STAR, cufflinks, cluster, DESeq2, GO analysis.
This workflow was designed to process and visualize bulk RNA-seq data. The output files including:
- Mapping reads with STAR;
- Counting reads with STAR and cufflinks;
- Samples quality control with PCA plot and samples-samples clustering heatmap;
- DEG with DESeq2 and limma;
- Functional enrichment analysis with GO and GSEA.

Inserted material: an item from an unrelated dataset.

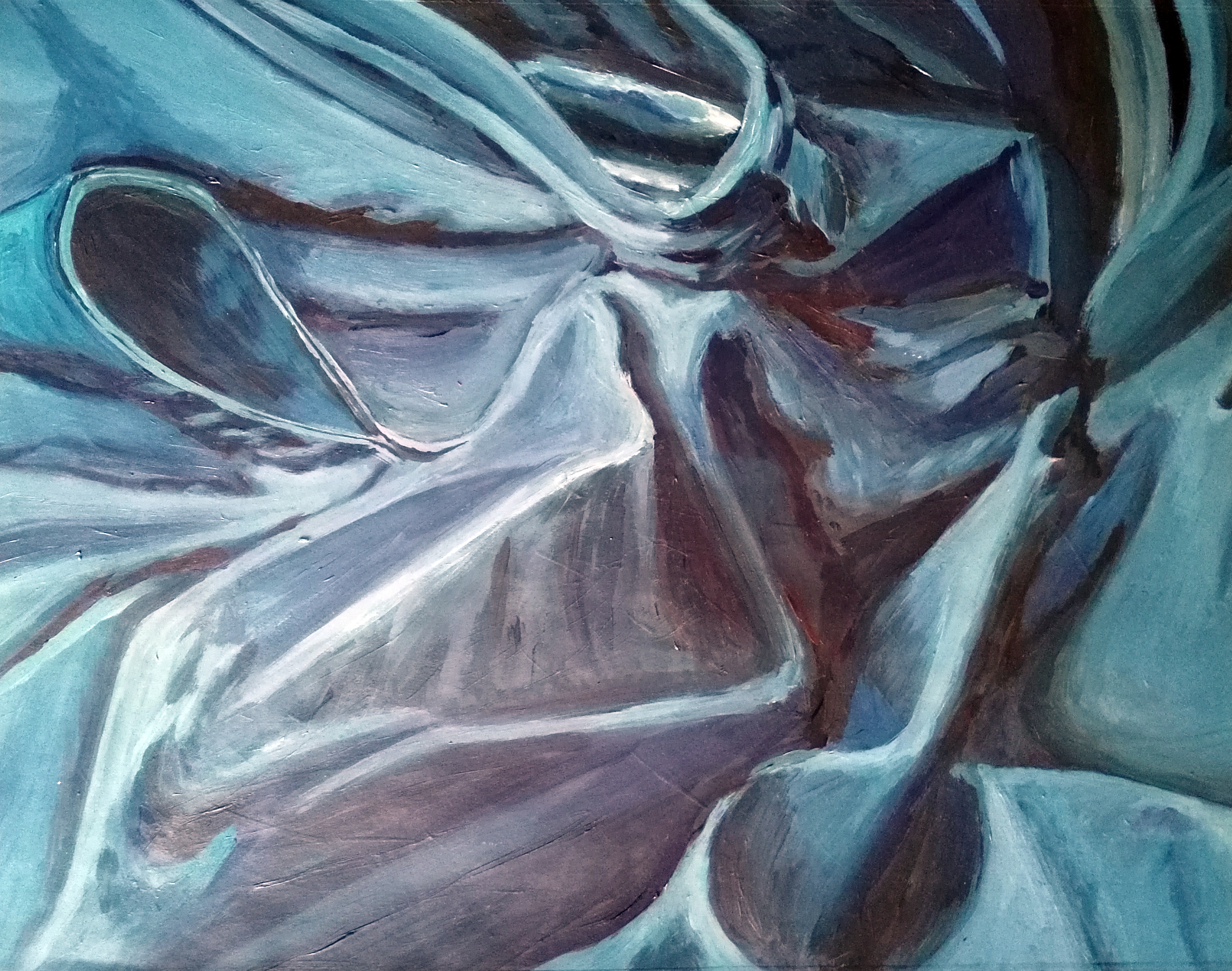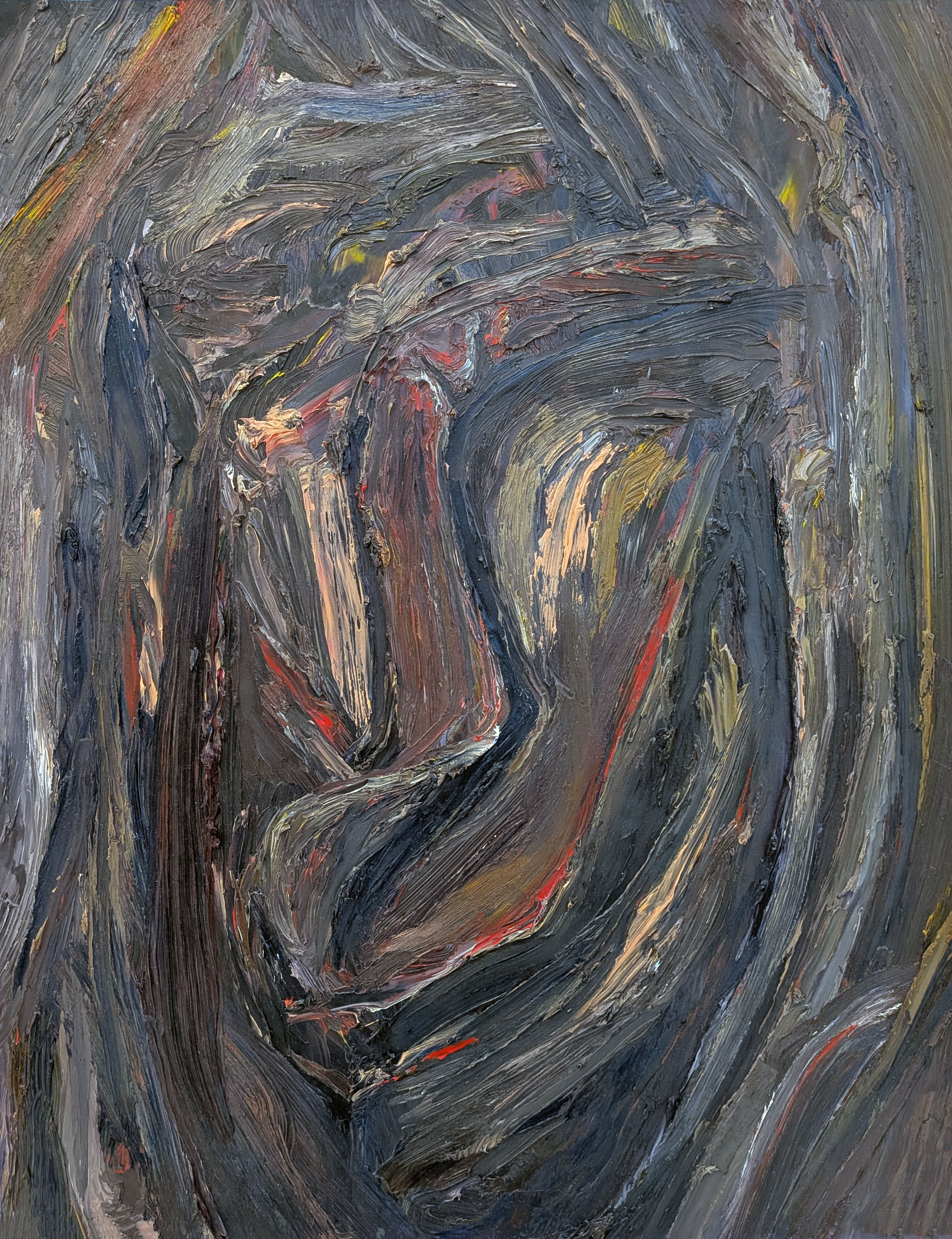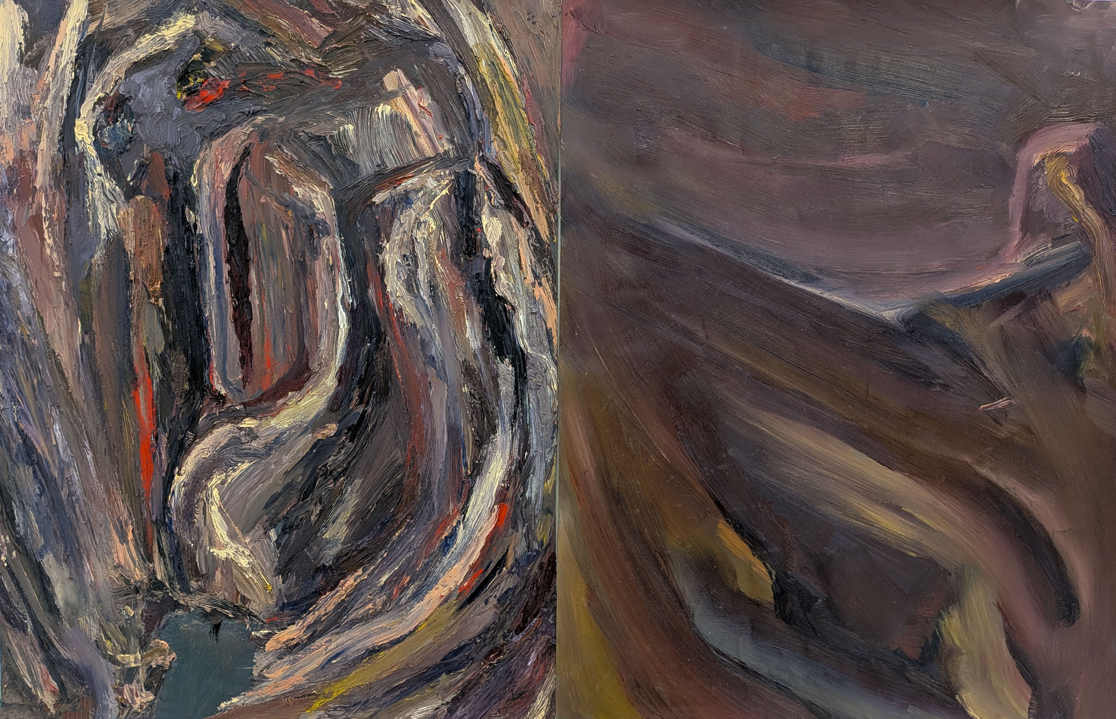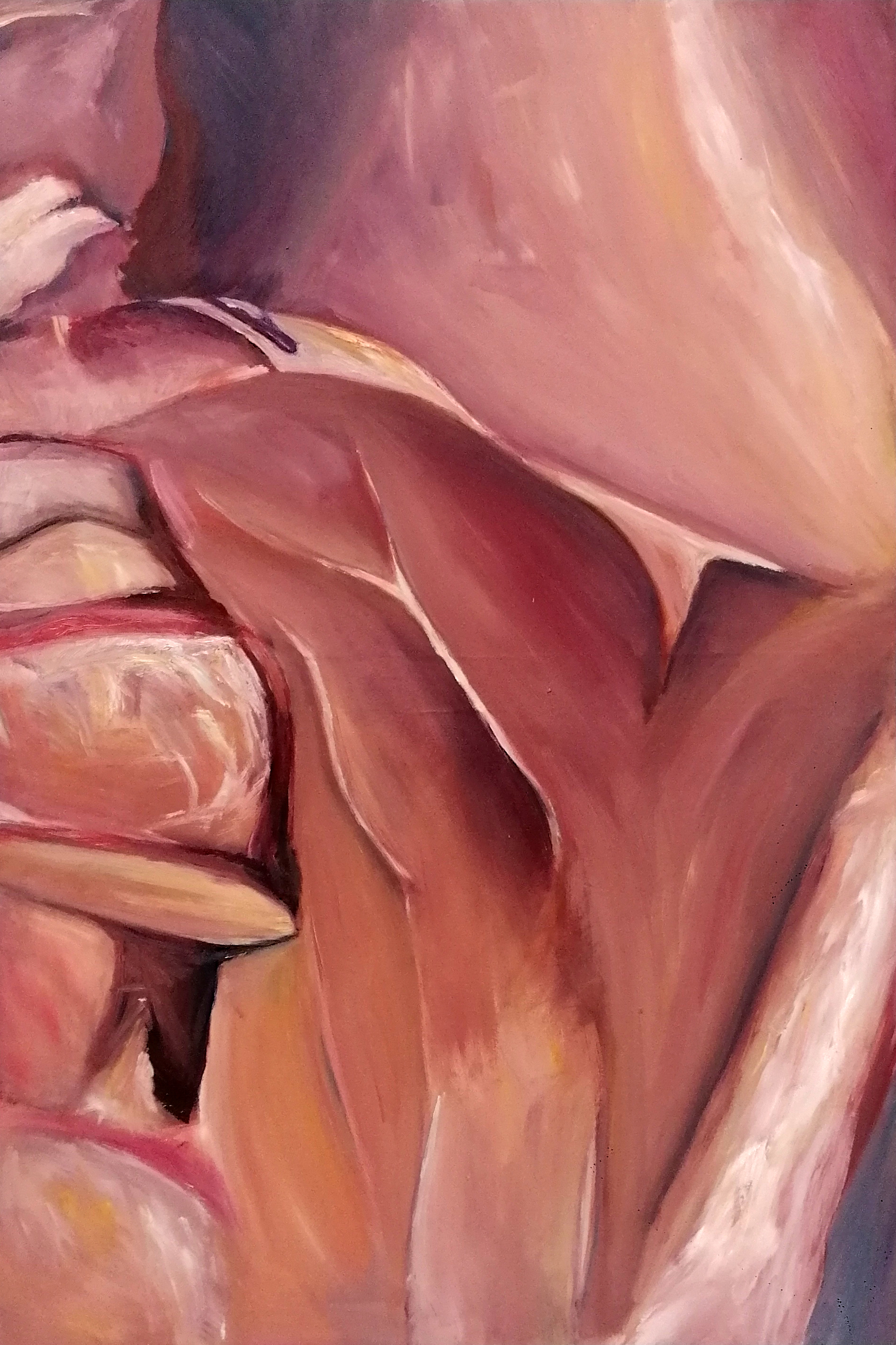 "Grossièrement, les teintes majoritairement rougeâtres ponctuées de jaune, de bleu et de vert s'entremêlent sans jamais se mélanger, forment sans jamais copier, montrent sans jamais obliger. Dans ses toiles, en reprenant le caractère des couleurs d'un morceau de viande avarié qui se gâte au fur et à mesure du temps, l’artiste Maxence Haution présente un regard critique sur le monde qui l'entoure. Il peint la viande, le sang et la chair avec honnêteté, sans pudeur, sans mensonge ; la peinture comme fenêtre d'un monde. Un regard Concret."

MVIPER is a bulk RNA-seq analysis pipeline built using snakemake. MVIPER is modified VIPER. Modifications are as the follows:
- add scripts to generate config.yaml and metashee.csv automatically
- add script to generate gene annotation file which is used in the ref.yaml for new species
- modified file_format.snakefile to transfer bam file to BigWig file format using deeptools
- modified preprocess.snakefile to set multiple thresholds for top variant genes lists
- modified DE.snakefile to set multiple thresholds for DEG selection
- modified serveral R scripts and python scripts to get more beautified plots
Cornwell M, Vangala M, Taing L, Herbert Z, Köster J, Li B, Sun H, Li T, Zhang J, Qiu X, Pun M, Jeselsohn R, Brown M, Liu XS, Long HW. VIPER: Visualization Pipeline for RNA-seq, a Snakemake workflow for efficient and complete RNA-seq analysis. BMC Bioinformatics. 2018 Apr 12; 19(1):135. PMID: 29649993.
Download the MVIPER by the following command:
git clone https://github.com/YutingPKU/Bulk_RNA-Seq_Workflow_Snakemake.git
Put the MVIPER and your input data in a directory (like PROJECT).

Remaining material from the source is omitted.